--- Source material Enclosed Below ---

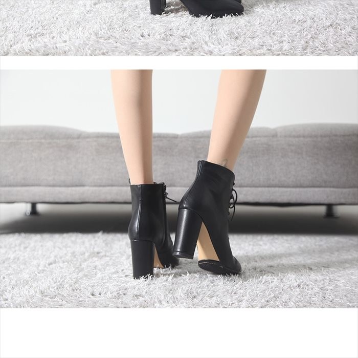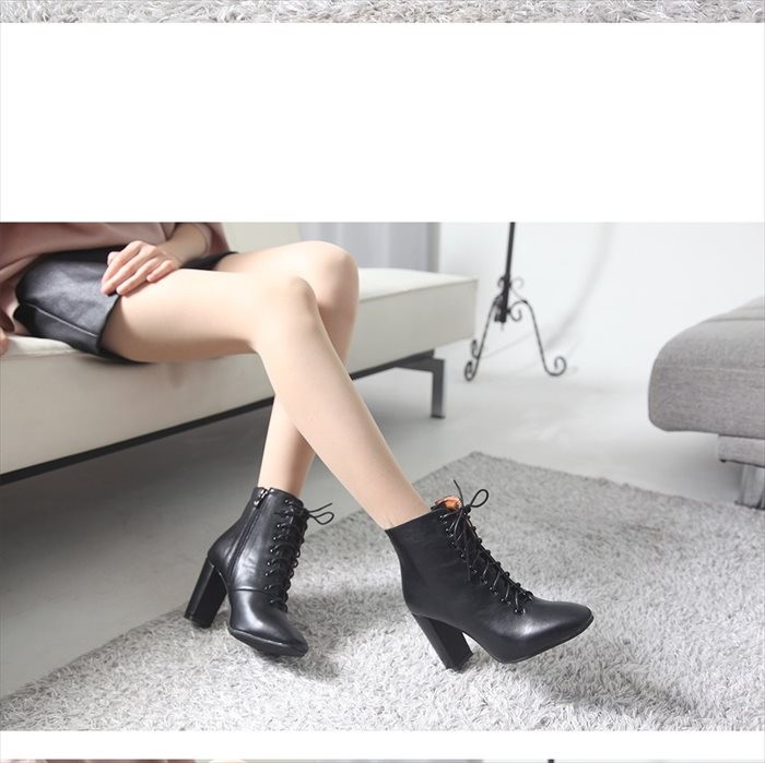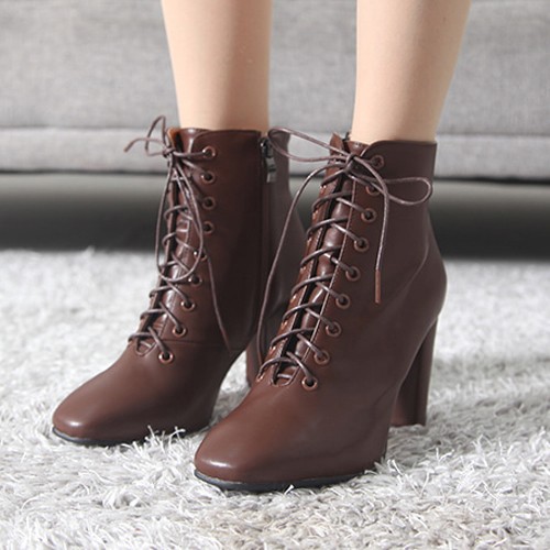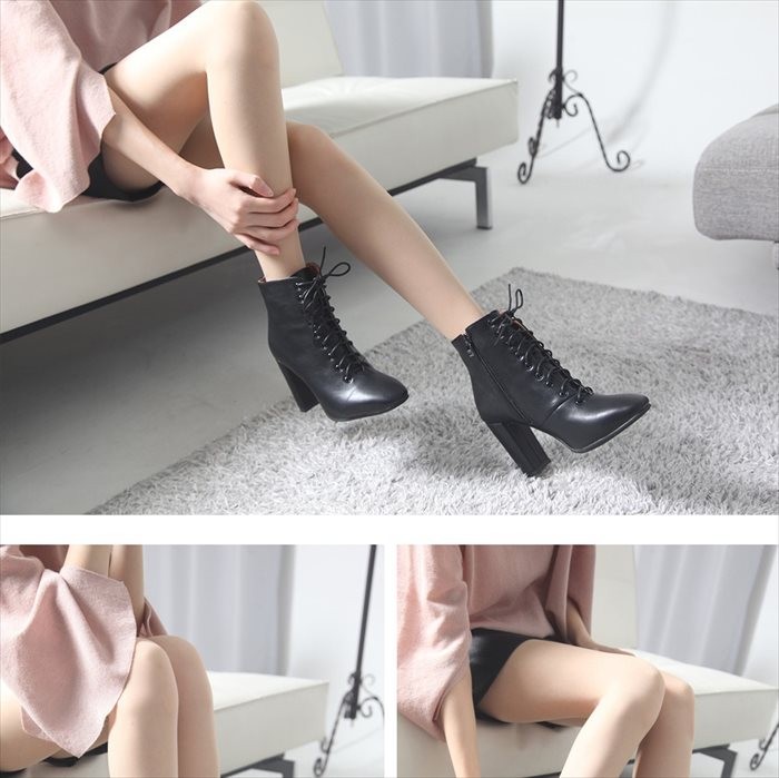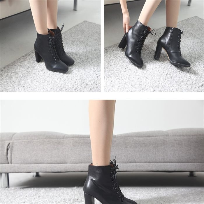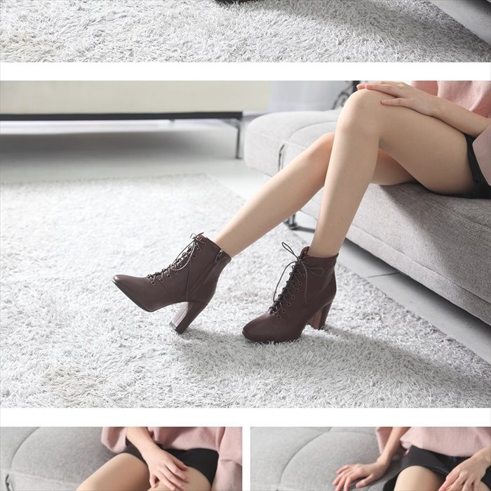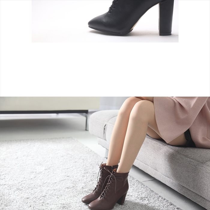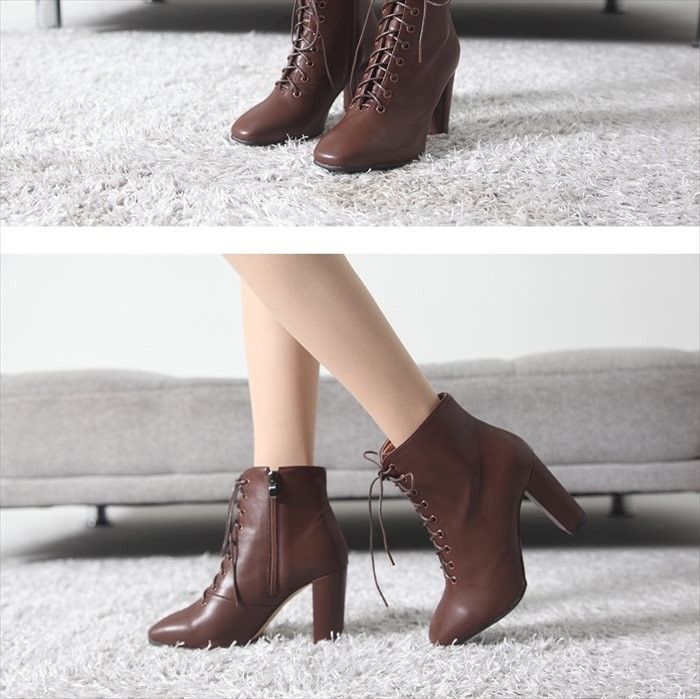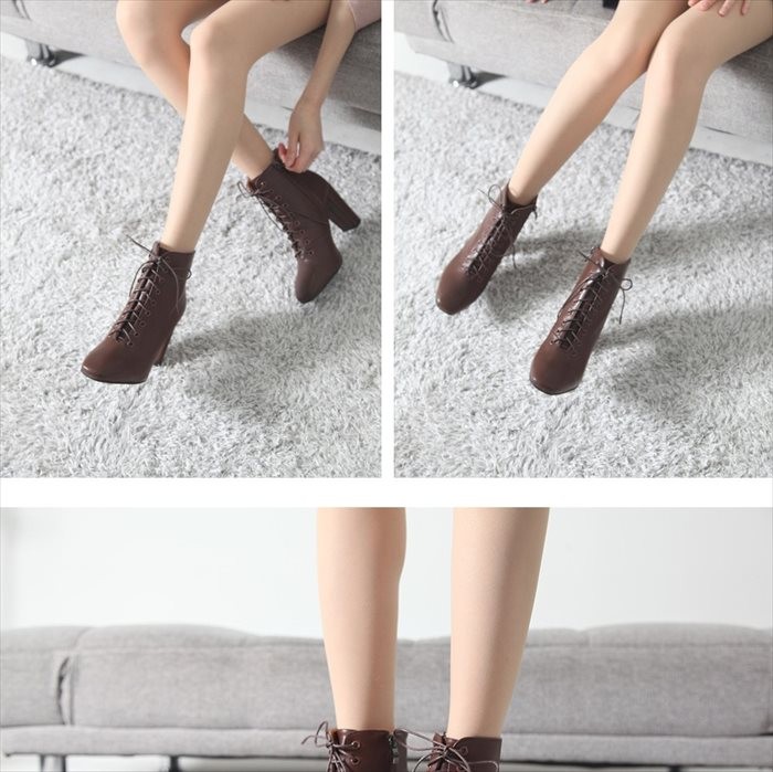 商品名:ブーティ レディース ブーティー チャンキーヒール 太ヒール レースアップ 2017 秋冬 ファッション 靴 婦人靴
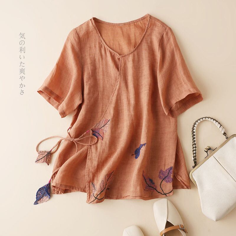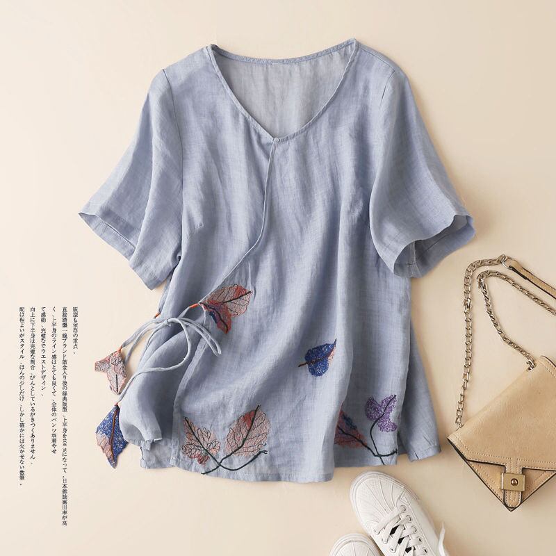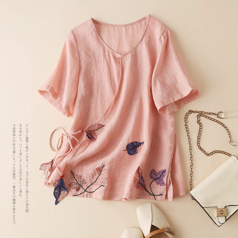 初回送料無料夏新作トップス ブラウス Tシャツ綿リネン半袖刺繍トップス
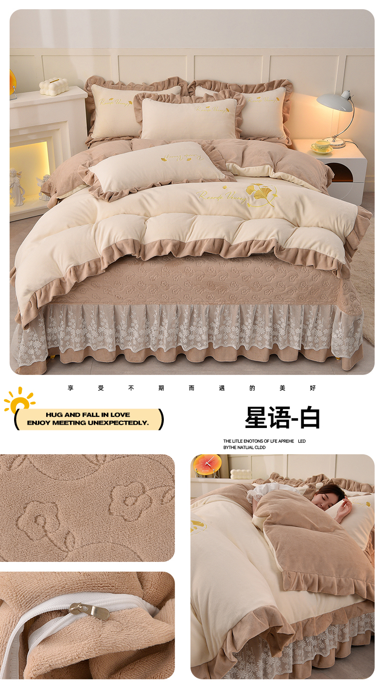 (总)湘雪家居 2025新款高克重纯色刺绣牛奶绒床盖款星语系列四件套-提供买家秀
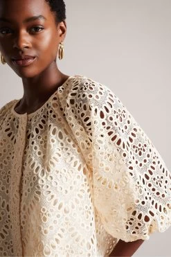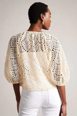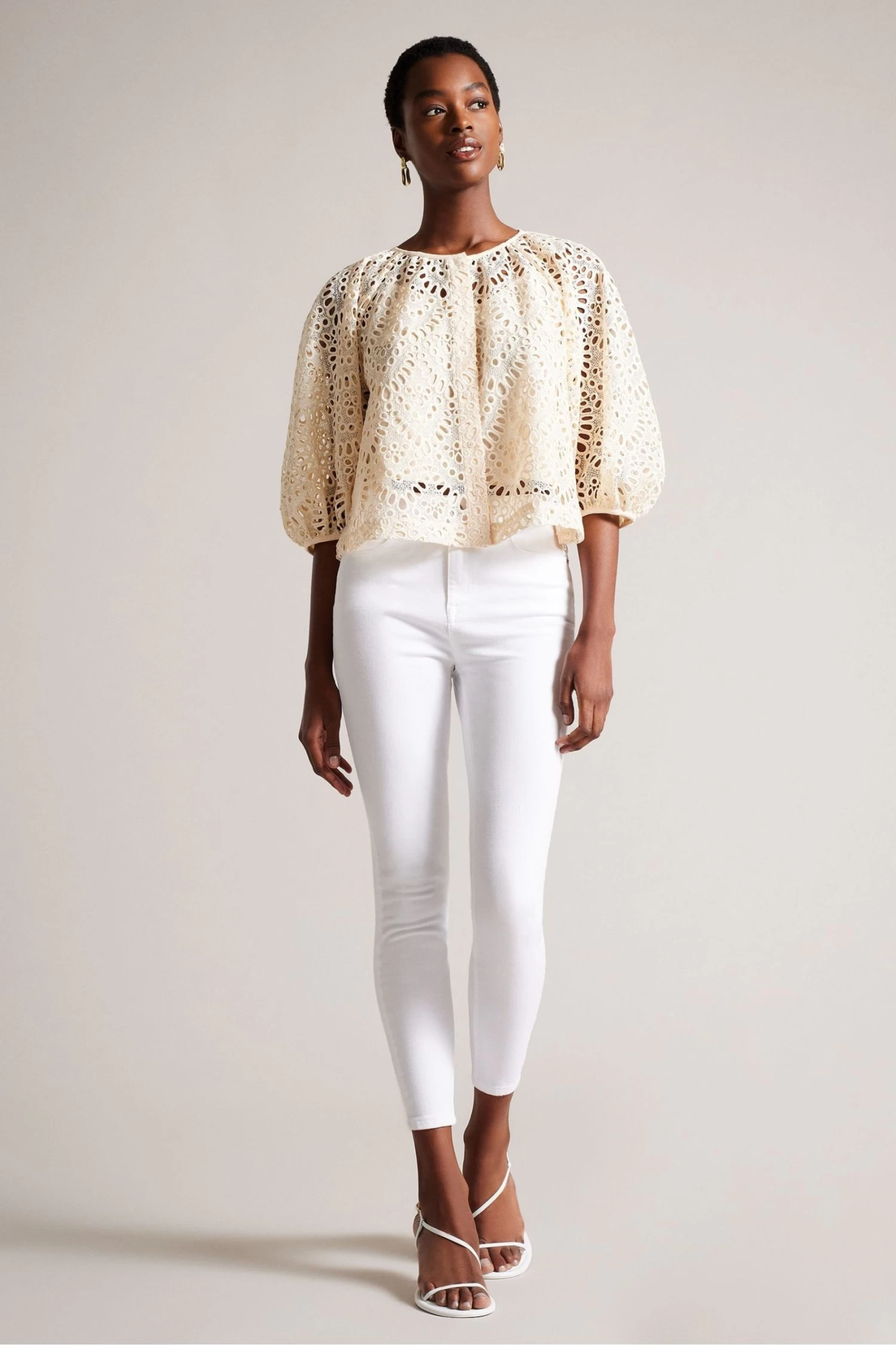 Ted Baker Elaraa Crochet Puff Sleeve White Blouse

--- End of Enclosed Source material ---

## [Prompt]
Retype the listing above exactly as it appears, omitting the pictures.

## [Answer section]
 商品名:ブーティ レディース ブーティー チャンキーヒール 太ヒール レースアップ 2017 秋冬 ファッション 靴 婦人靴
 初回送料無料夏新作トップス ブラウス Tシャツ綿リネン半袖刺繍トップス
 (总)湘雪家居 2025新款高克重纯色刺绣牛奶绒床盖款星语系列四件套-提供买家秀
 Ted Baker Elaraa Crochet Puff Sleeve White Blouse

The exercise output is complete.